Healthcare-associated infection is a major public health concern with a significant impact on healthcare costs, quality of life, morbidity, and mortality. Most healthcare-associated infections are preventable through effective infection and control measures (Storr et al., 2017). Infections are symptoms caused by the invasion and multiplication of microscopic organisms such as bacteria, viruses, fungi, or parasites (Ahmad et al., 2022). Cancer patients are at a higher risk of hospital-acquired infection as they are often immunosuppressed due to the underlying disease and treatment. The proposed change project will focus on infection prevention measures in an oncology unit. Evidence-based research will identify studies and guidelines supporting unique aspects of hand hygiene, catheter placement, and disinfection for infection prevention. This project will also involve educating and training patients and medical personnel on infection risk and appropriate prevention measures. There will be a routine audit to ensure compliance and use of a reporting system to monitor the incidence of infections. This paper is a plan for the planned change containing a change theory, ethical and legal considerations, cultural competency, change agent, organizational leadership, and stakeholders.
The proposed topic for a hypothetical quality improvement and safety EBP change project aims to prevent and reduce the risk of infection in cancer patients by enhancing safety protocols and infection control measures. According to an article published by the American Cancer Society (2020), cancer patients have an increased risk of infection due to changes in the immune system that control their body’s defense systems. Cancer treatment such as targeted therapy, chemotherapy, or radiation therapy weakens the body’s defense, making it more susceptible to infection. Thus, healthcare professionals and patients must take precautions to prevent these infections. Essential components of infection prevention that will be researched and implemented include hand hygiene, catheter placement, and disinfection. In most clinical situations, alcohol-based hand rub is the preferred method over water and soap, except in the case of exposure to C. difficile or norovirus or when hands are visibly soiled (CDC, 2017; Cure & Van, 2015). Evidence recommends avoidance of catheter use, especially when the patient is functionally or quantitatively neutropenic (Malek & Raad, 2020). In unavoidable circumstances, full barrier precautions and aseptic practices should be followed during placement. For further infection prevention, there should be thorough cleaning and disinfection of devices and environmental surfaces using a combination of traditional and modern technologies, such as no-touch room decontamination methods and self-disinfecting surfaces (Boyce, 2016). The planned change will research and implement infection prevention measures, including alcohol-based hand rubs, aseptic practices for catheter placement, and traditional and modern technologies for disinfection, such as no-touch room decontamination and self-disinfecting surfaces.
Kotter’s Theory of Change
Change is inevitable in the constantly evolving healthcare industry. Various theories have been developed to provide a framework for understanding how change occurs and how it can be effectively managed in a diverse organizational setting. One well-known and widely used model is Kotter’s theory of change, which outlines eight steps for successfully implementing change in an organization (Rajan & Ganesan, 2017). These steps include creating a sense of urgency, forming a powerful coalition of leaders, developing a vision and strategy, communicating the vision, removing obstacles, empowering, creating short-term wins, consolidating gains, and anchoring change in the organization’s culture (Lv & Zhang, 2017). In this quality improvement project aimed at preventing infection in cancer patients, Kotter’s change theory can be applied as illustrated:
|1. Creating a sense of urgency||– A sense of urgency can be created by highlighting the increased rate of infection in cancer patients as well as the risk factors.

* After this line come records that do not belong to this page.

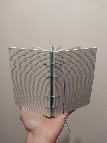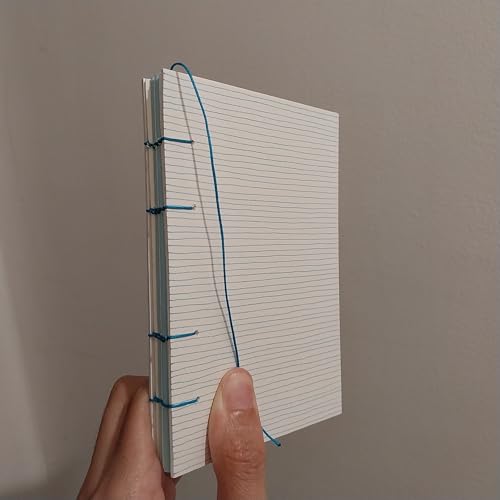 نوت بوك مقاس A5 مصنوع يدويا مجلد بخيط أزرق ذا بلو لاينز، ورق كريمي وأزرق، 90 صفحة، مرسوم ومجلد يدويا
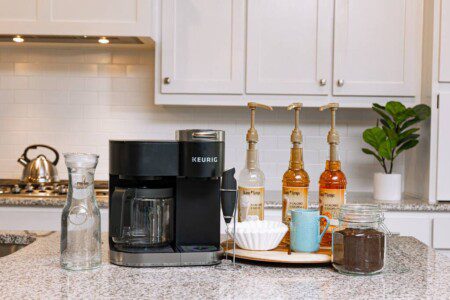Enjoy a variety of coffee and tea options with flavored syrups, milk frother, and hot cocoa.
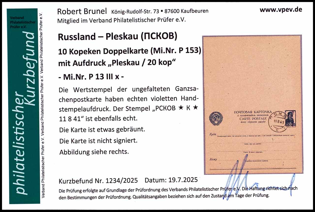 10 Kopeken Doppel-Ganzsachenpostkarte, ungefaltet, mit Aufdruck "PLESKAU/ 20 kop", violetter Handstempelaufdruck, Blankokarte, die Fragekarte ist entwertet mit Stempel "PCKOB * K * 11 8 41, die Karte ist etwas gebräunt, Fotobefund Robert Brunel VP (2025)
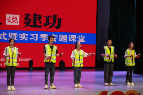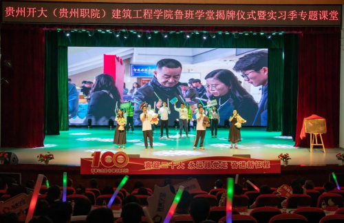 到场的领导共同为鲁班学堂揭牌,与在座师生共同见证这激动人心的时刻。在揭牌之际,鲁班学堂结合目前实习学生最重要和最关注的事情,开启了第一讲:建工人说建功。学堂邀请到了贵州大学城市与建筑规划学院梅世龙教授,贵州建工第八建设集团副总经理兼总工程师陈亮进行现场授课。整个活动通过学生快板说安全、企业现身说需求、专家专业说技能、教师歌唱说祝福,向建工学子送上精彩丰富的一课。
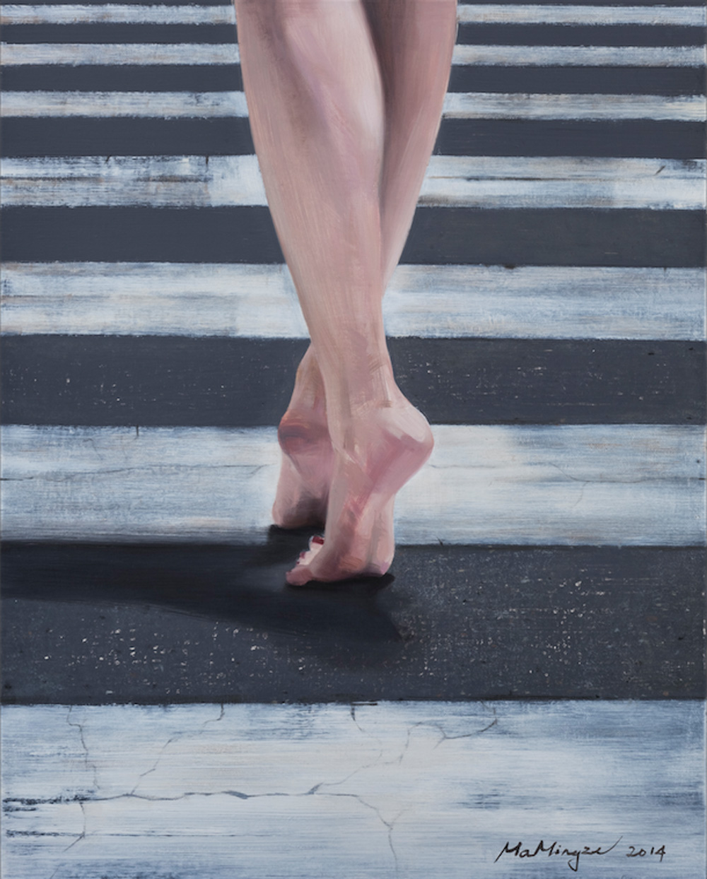 在马铭泽的其它很多作品中,对一些周边有意思的细小生活中的片段和瞬间的描绘成为入画的主要信息,例如《3、2、1 》、《无名书》、《白色琴键》、《不看手表的人》、《墨水》、《皮肤温度的1/2杯水》、《起床之后》、《高跟鞋》、《衣柜人生》、《失误的判断》等等一系列创作。值得关注的是,这些作品都似被亮光所“洗刷”和“漂白”,这也是马铭泽绘画中所有意使用的异乎日常光亮程度的“光感度”,从而在“陌生化情境”中营造出自传般的气质,而这种气质的产生是建立在马铭泽观看体验的个人感觉上的,即一种源自她自己日常体验的“微感觉”,带有细腻性的情绪支撑起了画面内在的信息。当这些作品放在一起的时候语境般地创造了一个上下文关系,在这个上下文中无论是画面中的钢琴与手、特定动作指向的女孩、马路斑马线上翘起的脚尖 、伸入杯中的手达到与皮肤同温度的水、起床后被刻意画出褶皱痕迹的床、衬衣口袋里漏墨的笔、缝中露出衣料一角的衣柜……,所有这些在日常经验的惯性中所被忽视的或被认为没有常规意义的瞬间都被按了视觉暂停键,以绘画语言的刷笔在“光度感”的画面中以“离奇”的方式呈现出有意选取后的局部和片段,这提供了艺术家所导向的“观看角度”。
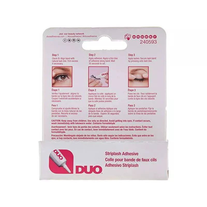 غراء الرموش الصناعية الذي تفضلينه: يتميز لاصق الرموش DUO Strip بتركيبة متقدمة، ويجف بسرعة، ولا يمكن اكتشافه، ويثبت الرموش الشريطية في مكانها بشكل آمن.
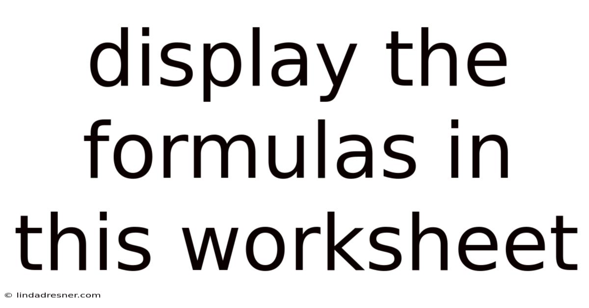 Displaythe formulas in this worksheet is a critical skill for anyone working with spreadsheets, whether for data analysis, financial modeling, or academic purposes. Formulas are the backbone of spreadsheet functionality, enabling users to perform calculations, automate tasks, and derive insights from raw data. Even so, understanding how to display the formulas in this worksheet ensures transparency, accuracy, and ease of troubleshooting. This article will guide you through the process of revealing formulas, explain their importance, and provide practical steps to master this feature across popular spreadsheet tools like Excel and Google Sheets The details matter here..
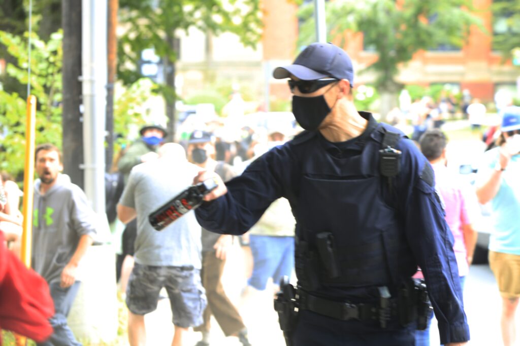 一名没有姓名标签的哈利法克斯地区警察向坐在墙上的抗议者喷胡椒,帮助那些已经被喷过胡椒的人。-照片:赞恩·伍德福德
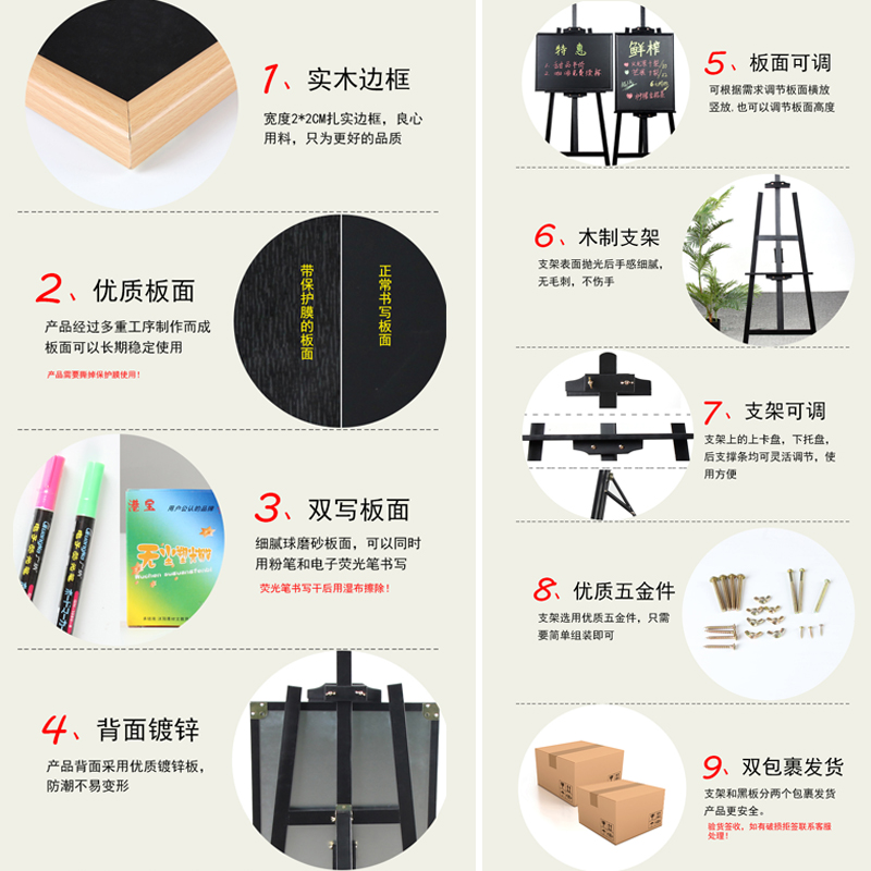 Wooden blackboard bracket type vertical magnetic small blackboard chalk writing magnetic green board shop hanging fluorescent handwritten billboard display board menu advertising blackboard wood frame writing board whiteboard
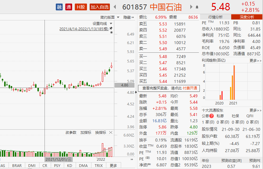 利好消息公布后,中国石油今天逆势大涨了2.81%,中国石化也上涨了1.16%。
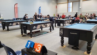 SAISON 2021 / 2022 TOURNOI REGIONAL DE BILLARD BLACKBALL DES PAYS DE LA LOIRE Les 26 et 27 mars 2022, le MBC organisait sont troisième Tournoi Régional de Blackball après ceux de 2018 et 2020 Cette manifestation s'est déroulé à la salle DOLIA, allée des cressonières à St Georges de Montaigu Plus de 120 joueurs se sont affrontés dont l'élite des Pays de Loire Le dimanche, ont eu lieu les finales individuelles et les compétitions par équipe 40 équipes engagées.
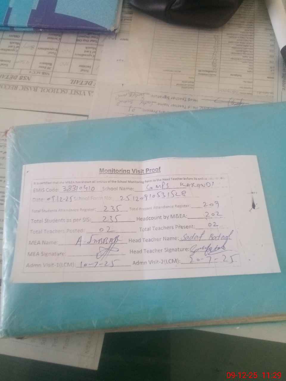 | Attendance Register | Head Teacher | MEA with School | Visit Proof |
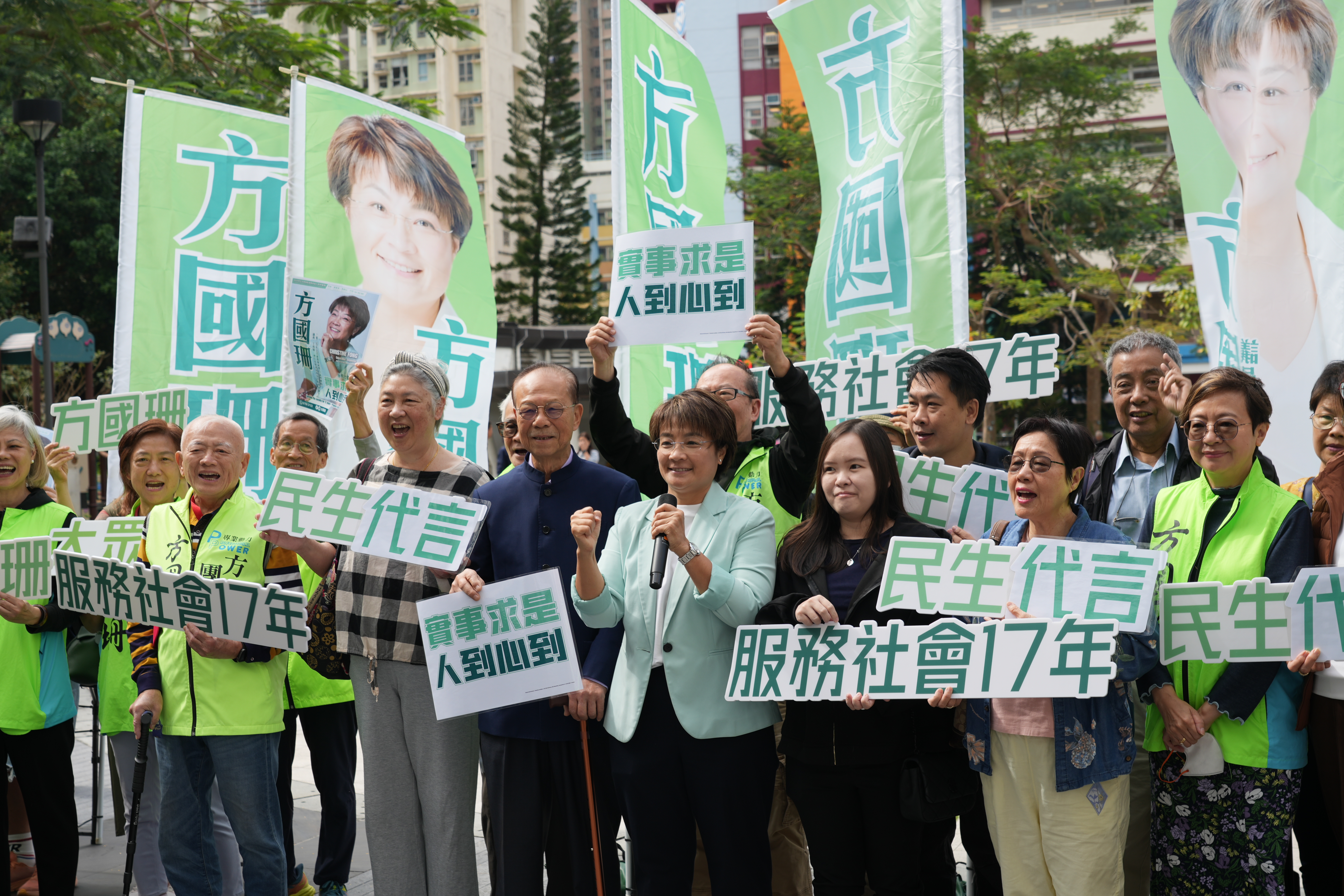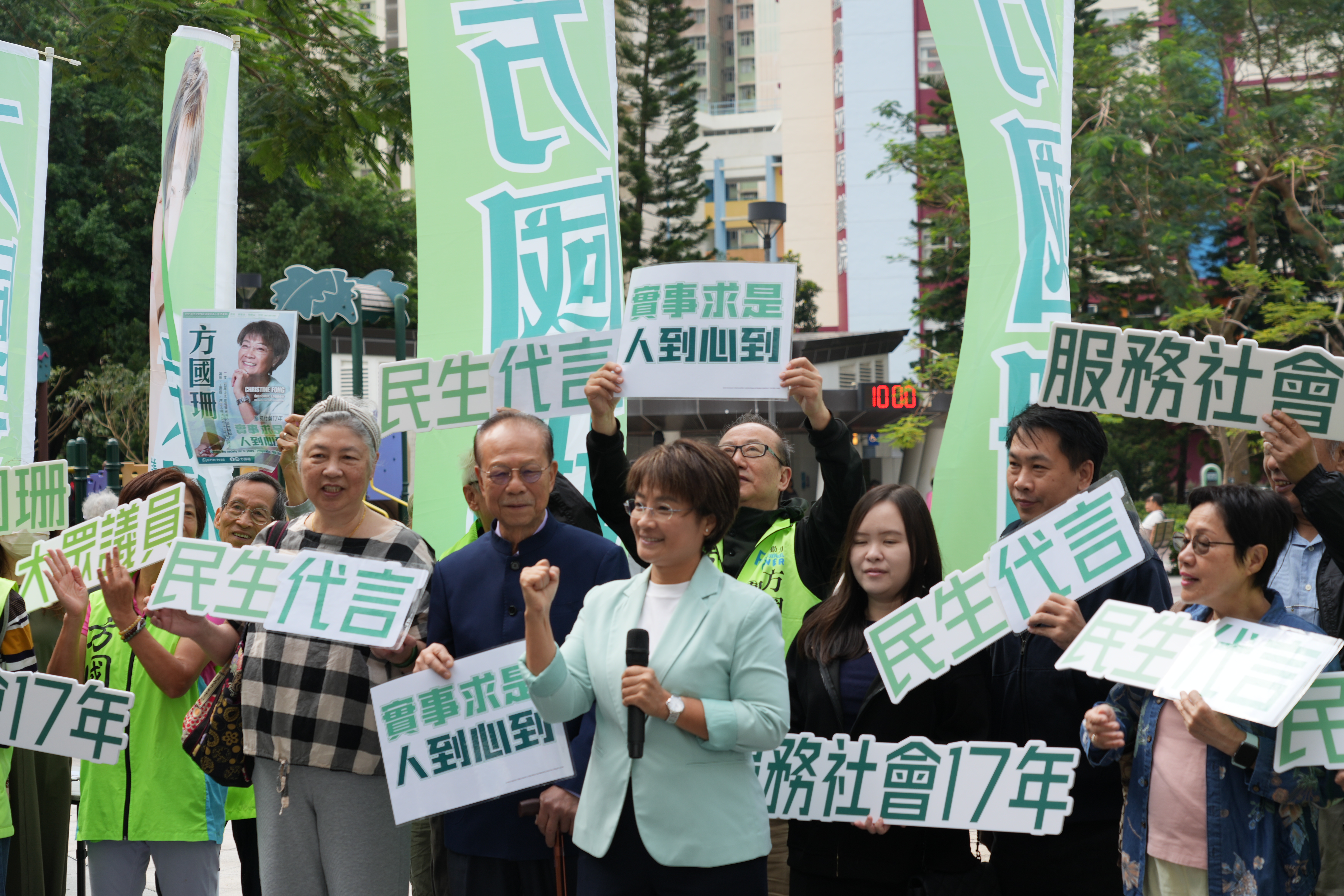 西貢區議員、智庫組織「專業動力」主席方國珊今早現身將軍澳政府大樓,宣布參選2025立法會選舉地區直選(新界東南),多名居民及支持者到場打氣,隨後方國珊進入政府大樓遞交報名表格。方國珊稱,理解市民面對房屋、就業、家庭等壓力,未來會繼續專注於社區發展,包括交通基建、社會福利及環境保護,將不遺餘力推動政策和方案,讓香港變得更加美好。
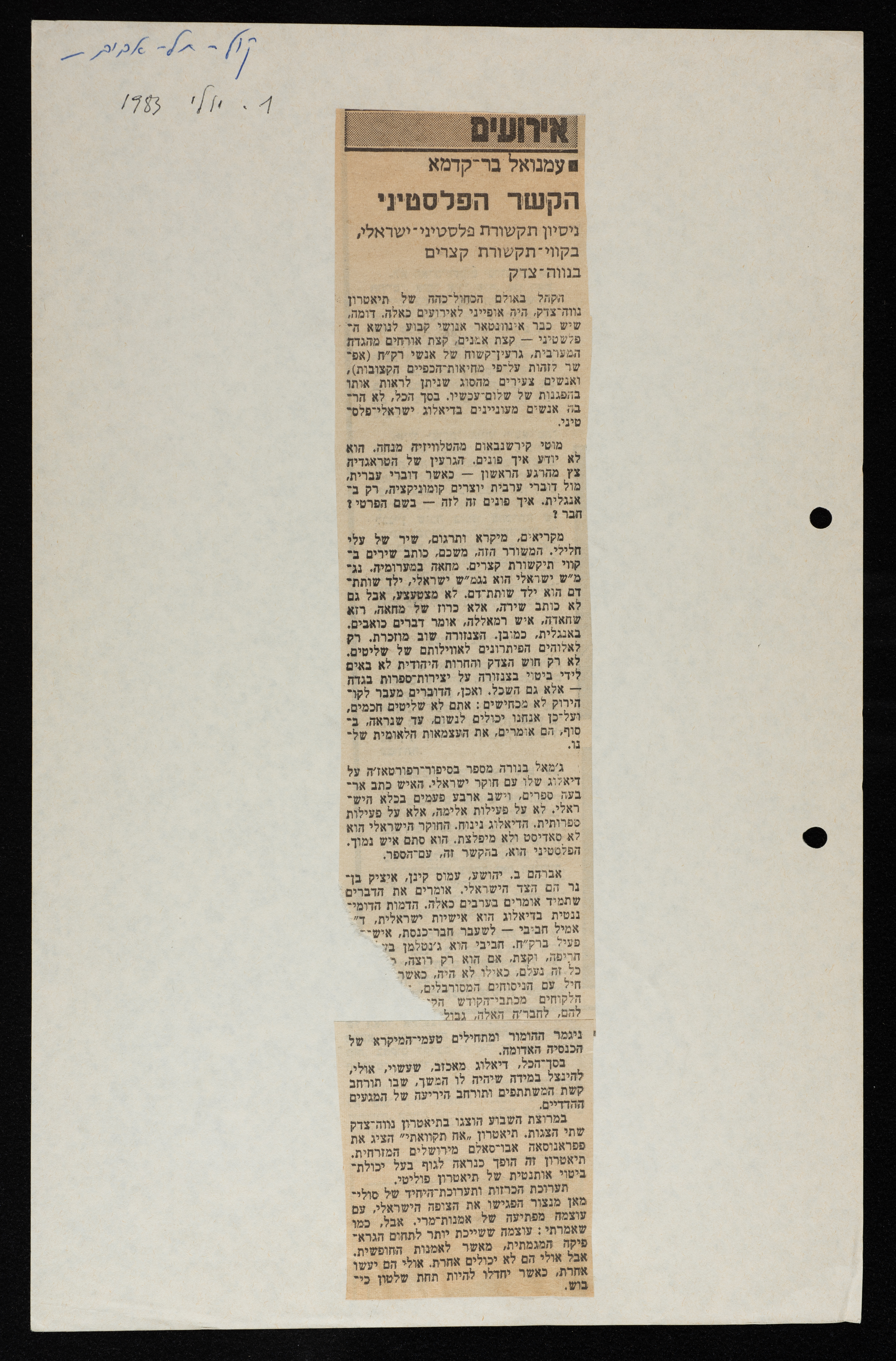 Dated July 1, 1983, this clipping from the Hebrew newspaper Kol Tel Aviv is a report on El-Hakawati Theatre and the communication between Palestinians and Israelis.

-Emphasize the need for improved infection prevention measures in oncology/hematology unit for quality patient outcomes.
|2. Forming a powerful coalition of leaders||-key stakeholders include hospital leadership, chief nursing officer, ward head nurse, nurses, physicians, finance officer, and patients.
– This diverse and powerful coalition will help support and lead the proposed change.
|3. Developing a vision and a strategy||-Having identified the risk factors and high incidence of infection among cancer patients, it is important to develop vision.
-Reduce the incidence of infection by 30%.
-Ensure 100% compliance with infection prevention protocols.
· implementing alcohol-based hand rub
· use and aseptic practices for catheter
· traditional/modern disinfection technologies.
|4. communicating the vision||-Effectively communicate the vision and benefits of the change project to all stakeholders:
-improved patient outcomes, reduced healthcare costs, and increased patient satisfaction.
|5. Removing obstacles||-Ensure the vision is aligned with the overall organizational vision.
-Check people or barriers who are resisting change and create buy-ins.
-Provide necessary resources and support to implement change.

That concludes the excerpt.